Developed countries have formally taken on a range of obligations under the UNFCCC, including showing leadership in tackling their own emissions, transferring technology, supporting capacity building and financing the incremental cost of emissions reductions in poorer nations.

 

The Kyoto Treaty provides mechanisms for countries to co-operate in reducing emissions and for developed nations to support emissions cuts in the developing world. International Emissions Trading (IET) allows trading of national quotas or allowances between countries and has provided the framework within which the EU has developed its cross-border private sector Emissions Trading Scheme involving over 11,000 energy-intensive installations in 25 countries. 

 

Two further mechanisms, the Clean Development Mechanism (CDM) and Joint Implementation (JI), allow credits from emission reducing projects in one country to be used to meet another country’s Kyoto commitment. Under JI, projects can be hosted in developed countries, and under CDM, in developing countries.

 

In the period to 2012, projects generating credits for over 1 billion tons CO2e are already in the pipeline, meaning the CDM is likely to provide between $5 and $15 billion in additional funding for mitigation in developing countries.[2]

 

In the case of a 2009 deal, it’s likely that the CDM would be expanded or completely reinvented to provide one of the most important routes for cutting emissions and funnelling resources and expertise from the OECD world to the developing world.

 

Conscious of this, some countries have already begun to populate the spreadsheet with targets of their own, moving ahead of a global agreement.

 

In Europe, for example, EU heads of state have agreed to a 20% reduction in GHG emissions by 2020 on 1990 levels and a 30% reduction if there is a comprehensive post 2012 global deal.

 

In 2008, the White House set a target of bringing US emissions to a peak by 2025 – a departure from previous refusal to set such a goal but one so far removed from those proposed elsewhere that it was immediately attacked by NGOs as too little too late.

 

In fact, to achieve the right balance in a world where OECD emissions are the minority, OECD countries will need to achieve massive cuts to offset more modest ones in fast-growing economies such as China and India. And with a 2015 peak as a target, those cuts would need to be heavily front-end loaded.

 

In the UK, CO2 emissions are already tapering down, from around 600 million tonnes a year in 1990 to around 550 today and falling.[3] And the  current commitment is to a 60% cut in emissions by 2050. But in the context of international burden-sharing, this looks modest if the global target is even 50%, let alone 85%, and less ambitious still if the idea is to make emissions peak worldwide in 2015. 

 

In a 2015 peak world, a developed world country might have to look at a 2050 emissions reduction target of 100% on the basis that it would achieve, say, 70% of the cuts within its borders and 30% in developing countries – by facilitating cuts in those countries equal to that proportion of its own emissions.

 

One metric likely to be highlighted in the debate is the relative size of per capita emissions in developing countries.
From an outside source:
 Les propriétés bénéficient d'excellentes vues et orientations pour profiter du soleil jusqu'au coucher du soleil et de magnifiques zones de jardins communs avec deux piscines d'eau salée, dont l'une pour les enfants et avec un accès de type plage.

The argument from those countries which have relatively low per capita energy use and emissions, will be that they should be able to allow their relative share of emissions to rise to accommodate their aspirations for growth and poverty reduction as recognised, for example, in the Millennium Development Goals. 

 

Various terms are used to describe the overall process by which emissions reductions could be co-ordinated. ‘Convergence and contraction’ is a construct in which emissions in developed countries would contract over time and emissions from developing countries would converge to an equal per capita emissions level.
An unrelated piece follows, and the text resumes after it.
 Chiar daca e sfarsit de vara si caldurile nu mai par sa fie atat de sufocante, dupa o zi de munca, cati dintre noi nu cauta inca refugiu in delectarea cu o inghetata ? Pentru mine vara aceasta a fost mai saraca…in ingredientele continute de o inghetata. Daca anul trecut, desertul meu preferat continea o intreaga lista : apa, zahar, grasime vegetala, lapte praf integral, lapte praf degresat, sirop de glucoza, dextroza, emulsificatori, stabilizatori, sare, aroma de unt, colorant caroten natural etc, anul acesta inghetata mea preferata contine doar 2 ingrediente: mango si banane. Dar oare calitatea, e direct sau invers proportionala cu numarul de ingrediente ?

Under ‘Common but differentiated convergence’ developed countries’ per capita emissions would converge to a low level while developing countries’ per capita emissions converge to the same level over the same time period, but decrease after their per capita emissions are a certain percentage above or below the (time dependent) global average. The ‘Triptych’ approach takes into account differences in national circumstances that are relevant to emissions – including those who are heavy emitters as well as those with high growth and low per capita emissions.